What you will do: Print nothing but the lines below starting at the line that holds "曲阜师大乐鱼官方网页版讯 近" and ending at the line that holds "Specchiera bilico su", including both, each exactly as written.

Record excerpts:
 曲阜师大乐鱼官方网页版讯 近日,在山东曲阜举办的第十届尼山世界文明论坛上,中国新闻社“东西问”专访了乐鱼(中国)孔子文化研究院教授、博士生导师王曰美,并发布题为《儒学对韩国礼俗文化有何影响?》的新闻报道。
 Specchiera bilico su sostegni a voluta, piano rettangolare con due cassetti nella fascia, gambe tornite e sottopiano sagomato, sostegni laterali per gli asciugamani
...
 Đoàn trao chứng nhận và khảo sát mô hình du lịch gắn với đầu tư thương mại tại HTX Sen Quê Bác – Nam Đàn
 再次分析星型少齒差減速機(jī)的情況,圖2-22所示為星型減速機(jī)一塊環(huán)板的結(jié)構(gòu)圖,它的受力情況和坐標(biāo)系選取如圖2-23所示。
==
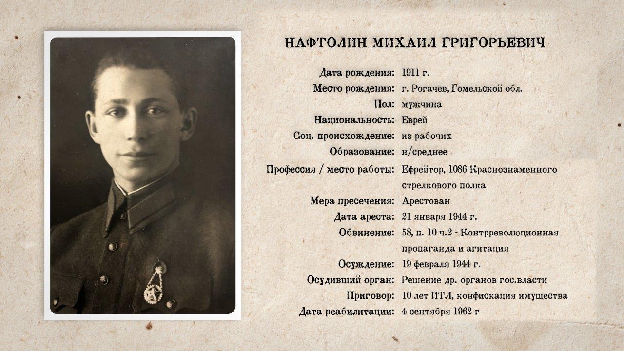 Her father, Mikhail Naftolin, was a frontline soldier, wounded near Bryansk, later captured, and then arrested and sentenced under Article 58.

Solution to the problem:
 曲阜师大乐鱼官方网页版讯 近日,在山东曲阜举办的第十届尼山世界文明论坛上,中国新闻社“东西问”专访了乐鱼(中国)孔子文化研究院教授、博士生导师王曰美,并发布题为《儒学对韩国礼俗文化有何影响?》的新闻报道。
 Specchiera bilico su sostegni a voluta, piano rettangolare con due cassetti nella fascia, gambe tornite e sottopiano sagomato, sostegni laterali per gli asciugamani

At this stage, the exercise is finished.